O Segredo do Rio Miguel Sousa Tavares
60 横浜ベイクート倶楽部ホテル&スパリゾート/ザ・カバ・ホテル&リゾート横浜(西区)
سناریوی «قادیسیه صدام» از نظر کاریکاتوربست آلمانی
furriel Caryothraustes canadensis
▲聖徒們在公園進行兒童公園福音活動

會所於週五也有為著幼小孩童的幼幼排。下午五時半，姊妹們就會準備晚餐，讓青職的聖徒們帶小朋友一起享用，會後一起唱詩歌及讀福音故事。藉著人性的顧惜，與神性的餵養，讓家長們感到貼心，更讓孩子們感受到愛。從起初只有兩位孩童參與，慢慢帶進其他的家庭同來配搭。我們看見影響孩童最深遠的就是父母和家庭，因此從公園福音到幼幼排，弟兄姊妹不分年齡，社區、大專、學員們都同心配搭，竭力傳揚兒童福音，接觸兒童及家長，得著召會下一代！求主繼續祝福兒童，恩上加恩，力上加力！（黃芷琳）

---

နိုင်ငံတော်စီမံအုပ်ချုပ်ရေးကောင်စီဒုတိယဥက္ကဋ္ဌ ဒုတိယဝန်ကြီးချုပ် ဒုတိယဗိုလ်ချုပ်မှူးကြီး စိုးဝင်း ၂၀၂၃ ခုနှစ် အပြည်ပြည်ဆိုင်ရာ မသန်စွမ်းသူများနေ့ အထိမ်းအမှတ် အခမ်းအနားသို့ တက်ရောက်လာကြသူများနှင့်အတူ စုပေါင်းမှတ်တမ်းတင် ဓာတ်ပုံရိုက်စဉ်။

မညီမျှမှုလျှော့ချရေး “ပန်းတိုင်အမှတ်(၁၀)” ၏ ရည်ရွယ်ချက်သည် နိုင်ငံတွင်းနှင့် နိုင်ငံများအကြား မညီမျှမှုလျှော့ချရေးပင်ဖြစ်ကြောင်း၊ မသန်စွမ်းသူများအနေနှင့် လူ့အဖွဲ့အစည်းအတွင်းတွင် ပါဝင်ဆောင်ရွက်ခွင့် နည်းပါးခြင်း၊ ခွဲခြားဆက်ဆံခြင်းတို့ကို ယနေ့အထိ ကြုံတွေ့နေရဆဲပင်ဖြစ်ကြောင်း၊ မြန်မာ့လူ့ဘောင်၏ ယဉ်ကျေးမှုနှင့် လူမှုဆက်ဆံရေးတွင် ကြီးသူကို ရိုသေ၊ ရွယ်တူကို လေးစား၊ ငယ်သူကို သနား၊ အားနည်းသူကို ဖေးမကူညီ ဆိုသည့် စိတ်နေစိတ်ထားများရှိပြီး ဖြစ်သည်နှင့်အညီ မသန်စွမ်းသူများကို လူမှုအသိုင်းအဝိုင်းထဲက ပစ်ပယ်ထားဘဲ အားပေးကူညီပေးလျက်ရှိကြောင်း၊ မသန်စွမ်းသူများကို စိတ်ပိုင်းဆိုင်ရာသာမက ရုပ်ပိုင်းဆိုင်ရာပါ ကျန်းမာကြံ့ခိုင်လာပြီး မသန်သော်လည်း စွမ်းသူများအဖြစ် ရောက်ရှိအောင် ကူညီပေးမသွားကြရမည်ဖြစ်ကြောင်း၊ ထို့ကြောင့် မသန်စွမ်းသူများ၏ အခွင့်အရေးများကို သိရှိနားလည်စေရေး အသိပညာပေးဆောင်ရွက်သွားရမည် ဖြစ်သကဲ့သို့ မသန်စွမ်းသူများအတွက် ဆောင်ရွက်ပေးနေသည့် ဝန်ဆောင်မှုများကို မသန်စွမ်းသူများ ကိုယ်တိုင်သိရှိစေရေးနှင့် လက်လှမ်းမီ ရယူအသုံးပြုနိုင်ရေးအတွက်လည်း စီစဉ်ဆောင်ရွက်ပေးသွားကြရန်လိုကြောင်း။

---

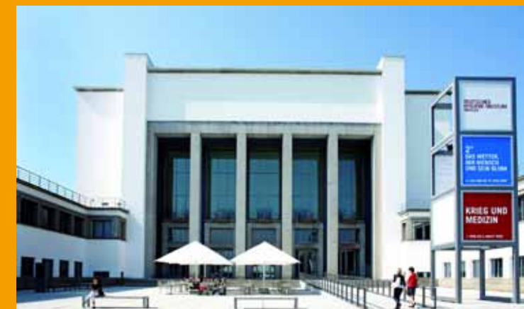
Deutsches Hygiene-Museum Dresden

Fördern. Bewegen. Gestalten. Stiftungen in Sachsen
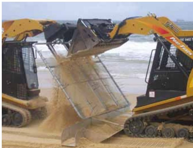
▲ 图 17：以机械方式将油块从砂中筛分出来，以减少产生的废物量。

Task statement >> Please transcribe exactly the lines above from the line that has "O Segredo do Rio Miguel Sousa Tavares" up to and including the line that has "會所於週五也有為著幼小孩童的"; no other line belongs in the answer.

Answer to this problem >>
O Segredo do Rio Miguel Sousa Tavares
60 横浜ベイクート倶楽部ホテル&スパリゾート/ザ・カバ・ホテル&リゾート横浜(西区)
سناریوی «قادیسیه صدام» از نظر کاریکاتوربست آلمانی
furriel Caryothraustes canadensis
▲聖徒們在公園進行兒童公園福音活動

會所於週五也有為著幼小孩童的幼幼排。下午五時半，姊妹們就會準備晚餐，讓青職的聖徒們帶小朋友一起享用，會後一起唱詩歌及讀福音故事。藉著人性的顧惜，與神性的餵養，讓家長們感到貼心，更讓孩子們感受到愛。從起初只有兩位孩童參與，慢慢帶進其他的家庭同來配搭。我們看見影響孩童最深遠的就是父母和家庭，因此從公園福音到幼幼排，弟兄姊妹不分年齡，社區、大專、學員們都同心配搭，竭力傳揚兒童福音，接觸兒童及家長，得著召會下一代！求主繼續祝福兒童，恩上加恩，力上加力！（黃芷琳）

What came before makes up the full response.